Summary
In Pine v. Credithrift of America, 18 B.R. 711 (E.D.Tenn. Mar. 22, 1982), Judge Wilson sustained the holding of the bankruptcy court involving a § 522(f) question.
Summary of this case from In re FarleyOpinion
No. CIV-1-81-307.
March 22, 1982.
Ronald J. Berke, Chattanooga, Tenn., for plaintiffs.
Mark J. Mayfield, Lawrence Ahern, III, Miller Martin, Chattanooga, Tenn., for defendant.
MEMORANDUM
The debtors, residents of Ooltewah, Tennessee, instituted the present action against Credithrift in the Bankruptcy Court to avoid its security interest in certain of their household goods. Judge Kelley in the Bankruptcy Court ordered Credithrift's lien avoided. Credithrift has appealed.

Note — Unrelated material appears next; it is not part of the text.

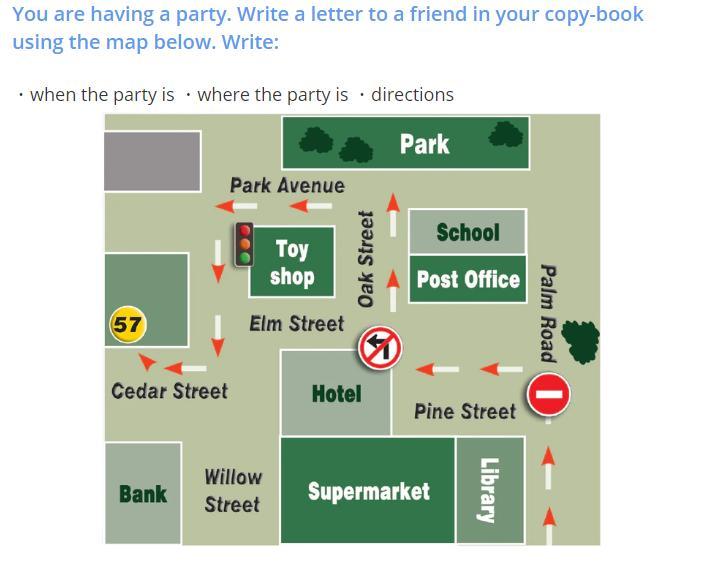 we might go straight from our house and turn left From Library go straight from pine street turn right from Hotel go straight from post office turn left from parkturn left fromtoy shopgo straightturn leftand you come to cadar street
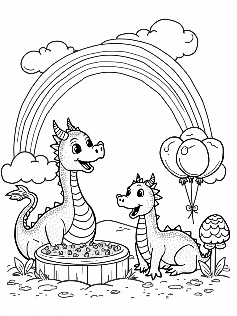 Look closer at the beautiful balloons shaped like dragon eggs, gently floating nearby. They're tied to a bright, cheerful flower, adding even more charm to this magical playground. And don’t forget the big, bright rainbow that arches overhead, bringing all the colors together in one happy scene. It's a perfect place for kids to let their imagination soar!

Credithrift had a $2,112.00 nonpossessory, nonpurchase-money security interest in various household goods of the debtors. The Bankruptcy Court held this lien could be avoided under the exemption statute, 11 U.S.C. § 522. In relevant part it reads:
"(b) Notwithstanding section 541 of this title, an individual debtor may exempt from property of the estate either —
"(1) property that is specified under subsection (d) of this section, unless the State law that is applicable to the debtor under paragraph (2)(A) of this subsection specifically does not so authorize; or, in the alternative,
"(2)(A) any property that is exempt under Federal law, other than subsection (d) of this section, or State or local law that is applicable on the date of the filing of the petition at the place in which the debtor's domicile has been located for the 180 days immediately preceding the date of the filing of the petition, or for a longer portion of such 180-day period than in any other place;
"(f) Notwithstanding any waiver of exemptions, the debtor may avoid the fixing of a lien on an interest of the debtor in property to the extent that such lien impairs an exemption to which the debtor would have been entitled under subsection (b) of this section, if such lien is
* * * * * *
"(2) a nonpossessory, nonpurchase-money security interest in any —
"(A) household furnishings, household goods, wearing apparel, appliances, books, crops, musical instruments, or jewelry that are held primarily for the personal, family, or household use of the debtor or a dependent of the debtor; * * *" (Emphasis added)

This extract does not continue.